Below are two different income statements for Canadian Oil Sands Ltd. I am wondering how can their net income and other line items be recorded so differently across two consecutive financial statements?
In a nutshell: The company in question changed its reporting standards in 2011. Furthermore, in order to maintain an "apples-to-apples" comparison between 2011 and 2010 results, the results for 2010 had to be restated according to the new reporting standards.
See page 23 of their 2011 Annual Report (PDF). Quote:
Transition to International Financial Reporting Standards
Canadian GAAP has been revised to incorporate International Financial Reporting Standards (“IFRS”) and publicly traded companies like the Corporation are required to apply such standards for years beginning on or after January 1, 2011. Note 26 to the attached audited consolidated financial statements discloses the impact of the transition to IFRS on the Corporation’s reported financial position, income and cash flows, including the nature and effect of changes in accounting policies from those used in the Corporation’s audited consolidated financial statements for the year ended December 31, 2010 which were prepared in accordance with Canadian GAAP prior to the transition to IFRS.
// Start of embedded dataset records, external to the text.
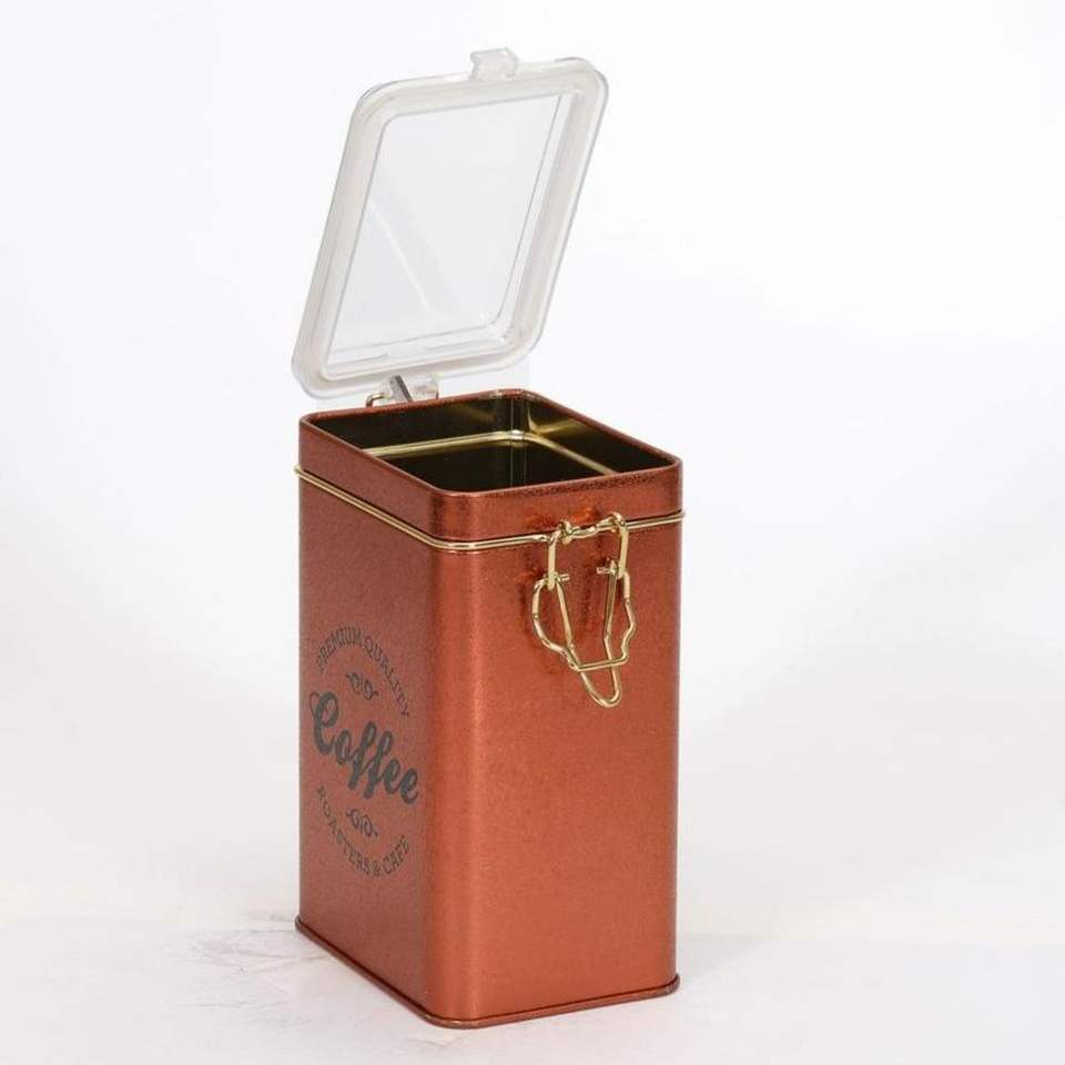 75x100x150 mm Coffee Copper Rectangular Metal Box with 1L Wire Clasp and Transparent Lid Elegant Background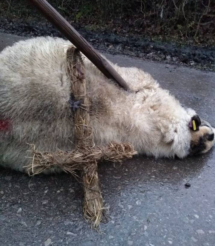 Bρήκαν σφαγμένο πρόβατο σε σατανιστική τελετή στη μέση του δρόμου με ανάποδο σταυρό δίπλα του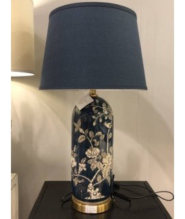 oraz stylowym, z granatowym abażurem.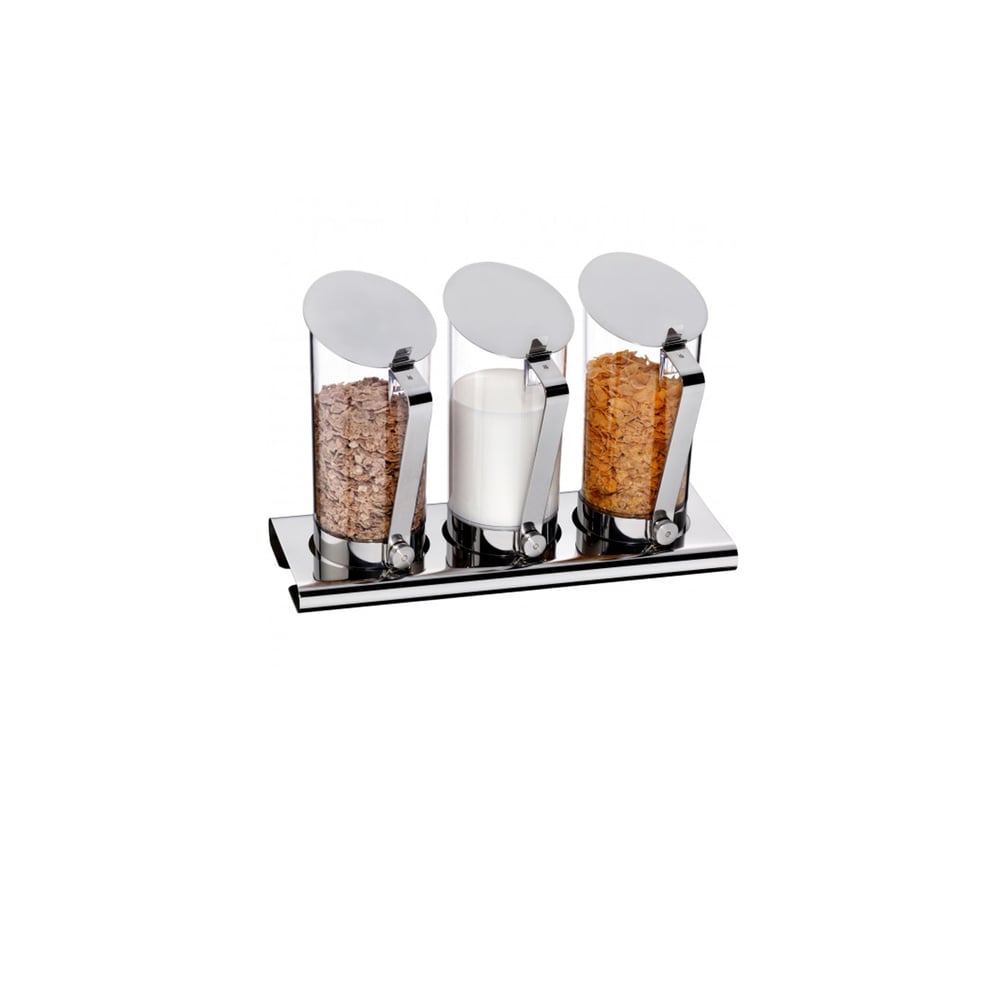 WMF Juice & Cereal Seti, kahvaltı büfeleri ve açık servis alanları için tasarlanmış şık ve fonksiyonel bir sunum setidir. Üçlü dağıtıcı sistemiyle hem meyve suları hem de tahıllar hijyenik ve düzenli şekilde sunulabilir.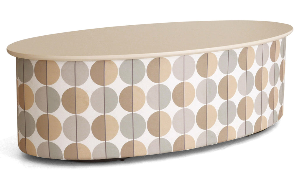 Table de rangement avec structure en MDF, rembourrage en polyuréthane et revêtement en tissu optique crème.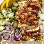 Store leftover chicken slices, rice or quinoa, veggies, and tzatziki separately in airtight containers in the fridge. This keeps everything fresh and lets you control the perfect assembly the next day.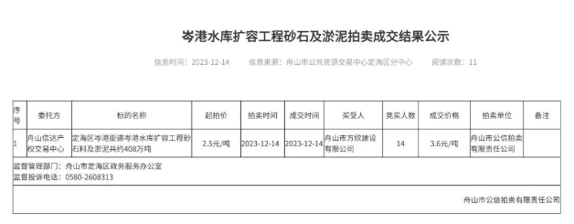 近日,浙江舟山岑港水庫(kù)擴(kuò)容工程砂石料及淤泥拍賣會(huì)在舟山市公共資源交易中心定海區(qū)分中心舉行,拍賣會(huì)現(xiàn)場(chǎng)競(jìng)拍人爭(zhēng)相舉牌激烈競(jìng)價(jià),最終以1468.80萬(wàn)元的總價(jià)成功拍出,溢價(jià)448.80萬(wàn)元,溢價(jià)率達(dá)44%。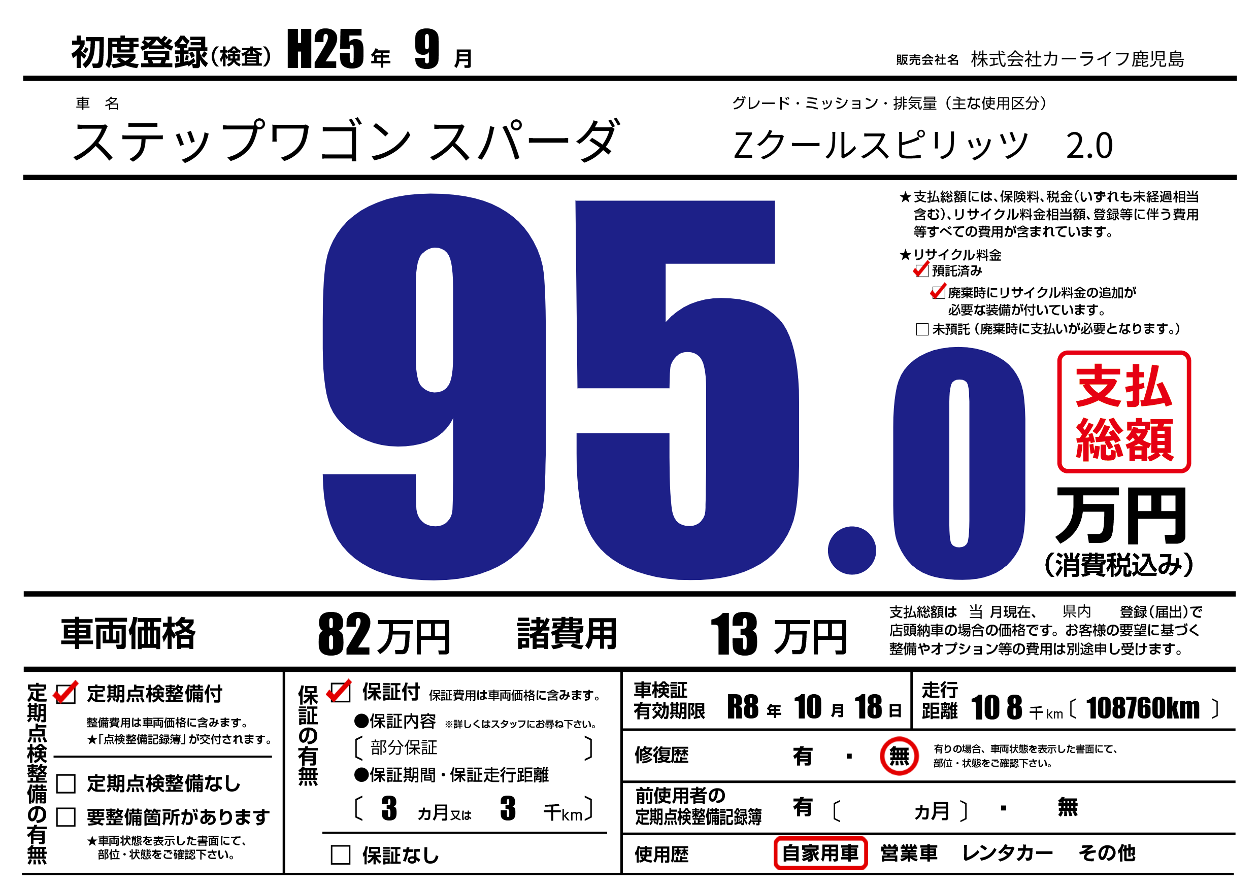 | 車名 | ステップワゴン スパーダ | グレード ミッション 排気量 |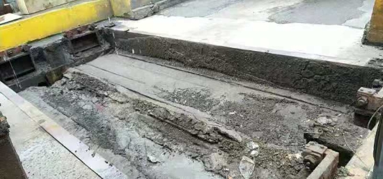 图为清理淤泥现场 为了尽量减少清淤施工对车辆通行影响,施工前,维养中心根据各站不同时段车流情况,合理安排清淤顺序。当天早上8点不到,吊车早早在台州收费站外广场待命,待施工人员一到,便开始起吊称台。当吊起称台的那一刻,大家都惊呆了:底下淤泥不仅厚达十几公分,而且非常结实,需用锄头和铁撬等工具翻松,再铲到小车上,仅一个车道清理出的泥巴就有整整一小货车。等清理完毕,中心队员还用高压水枪对底部基坑及称台部件进行了全面清洗,随后配合施工人员将称台复位并进行调试。由于准备工作到位,人员配合默契,台州收费站的两个车道称台仅用了两个小时便全部完工,恢复正常通行。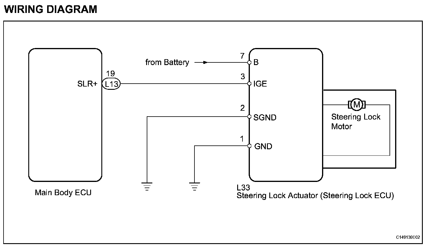 The main body ECU supplies the power to activate the motor of the steering lock actuator.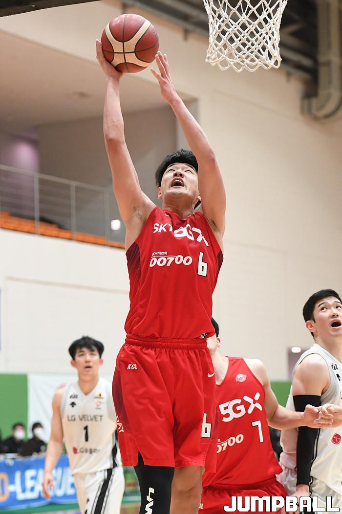 [점프볼=이천/박상혁 기자] 11일 이천 LG챔피언스파크에서 열린 2020-2021 현대모비스 프로농구 KBL 가리그 2차대회 서울 SK와 창원 LG의 준결승 경기, SK 장문호가 골밑슛을 시도하고 있다.

Financial measures for the year ended December 31, 2010 reported in this MD&A as comparative figures have been adjusted to reflect the transition to IFRS, as have the financial measures for all 2010 quarters reported in the summary of quarterly results on page 34. The accounting policies applied in these audited consolidated financial statements are based on IFRS as issued, outstanding and effective on February 23, 2012.